What to produce
Please restate the data that follows word for word, with the pictures left out.

Dataset excerpt
------------------------
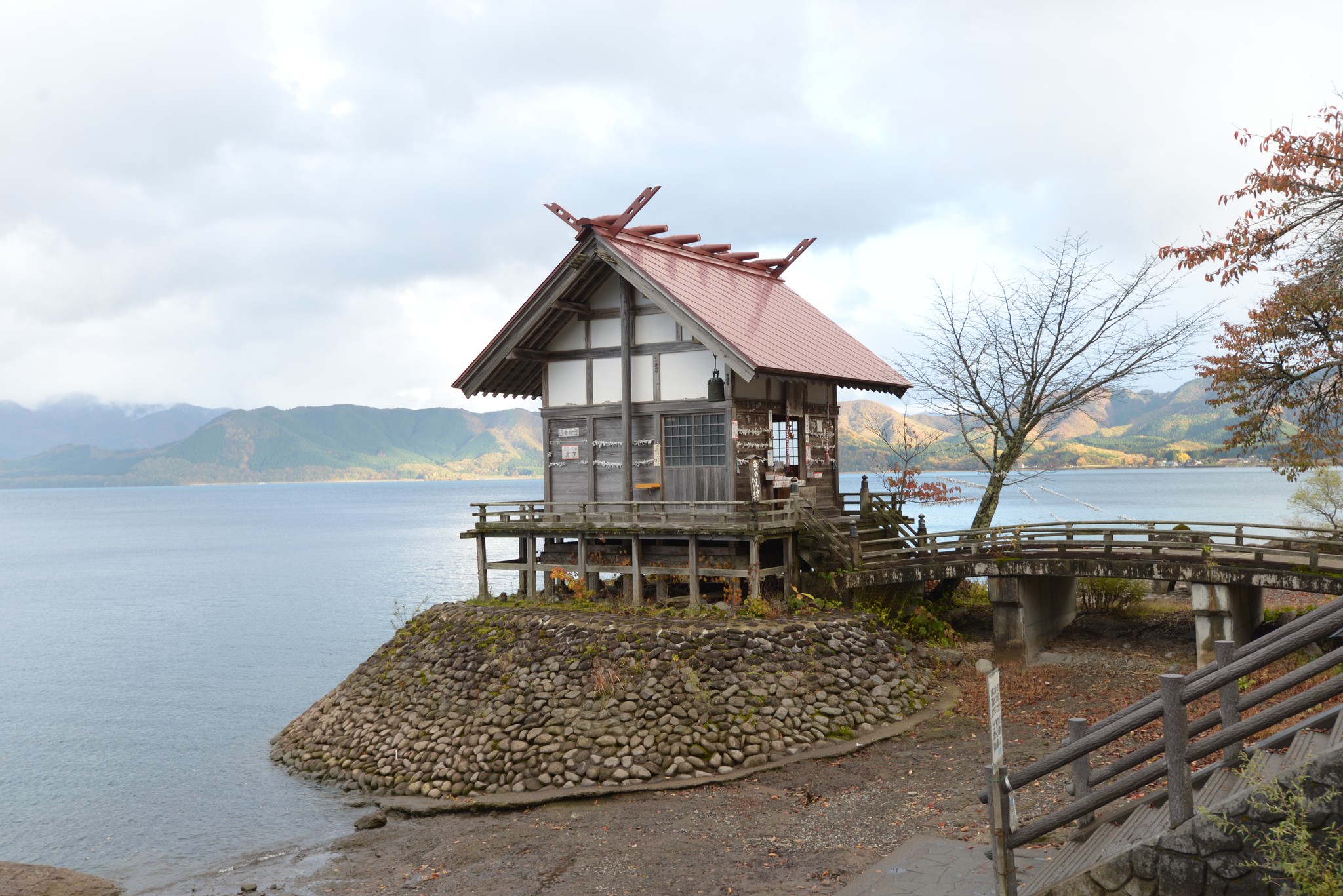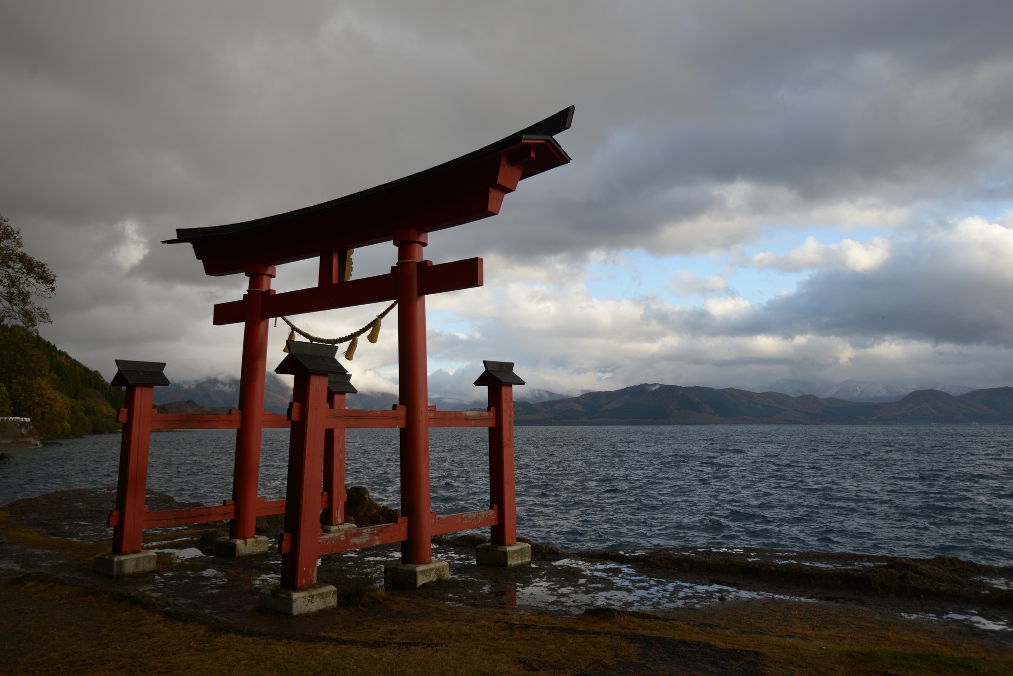 北岸的御座石神社據說也有辰子姫像,氣候不佳所以就沒去尋找,此外,這天的鳥居怎快泡進水裡了,和別人拍的水位怎差這麼多?
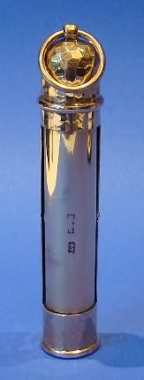 Edwardian Silver Gilt & Mother of Pearl Travelling Thermometer.
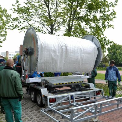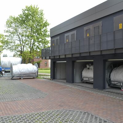 40m Deich mit 2,6m Höhe werden auf einer Trommel gelagert.
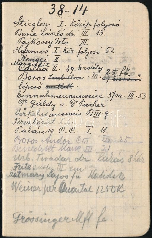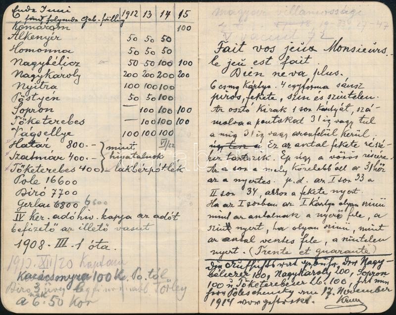 1914-1915 Azonosítatlan személy notesza, talán egy betegeskedő MÁV tisztviselő notesza, bejegyzésekkel, nevekkel, adatokkal, kiadásokkal, adókkal, az általa festett festményekre vonatkozó megjegyzésekkel, háborúra utaló megjegyzésekkel, betegségre feljegyzésekkel, nagyrészt magyarul, néhol egy-két német, egy francia, egy angol nyelvű sorral, borító nélkül, érdekes, átnézendő tétel, egy lapot kivágtak, 13x8 cm, 23 sztl. lev.,benne 11 beírt oldallal.
------------------------
Result of this task
 北岸的御座石神社據說也有辰子姫像,氣候不佳所以就沒去尋找,此外,這天的鳥居怎快泡進水裡了,和別人拍的水位怎差這麼多?
 Edwardian Silver Gilt & Mother of Pearl Travelling Thermometer.
 40m Deich mit 2,6m Höhe werden auf einer Trommel gelagert.
 1914-1915 Azonosítatlan személy notesza, talán egy betegeskedő MÁV tisztviselő notesza, bejegyzésekkel, nevekkel, adatokkal, kiadásokkal, adókkal, az általa festett festményekre vonatkozó megjegyzésekkel, háborúra utaló megjegyzésekkel, betegségre feljegyzésekkel, nagyrészt magyarul, néhol egy-két német, egy francia, egy angol nyelvű sorral, borító nélkül, érdekes, átnézendő tétel, egy lapot kivágtak, 13x8 cm, 23 sztl. lev.,benne 11 beírt oldallal.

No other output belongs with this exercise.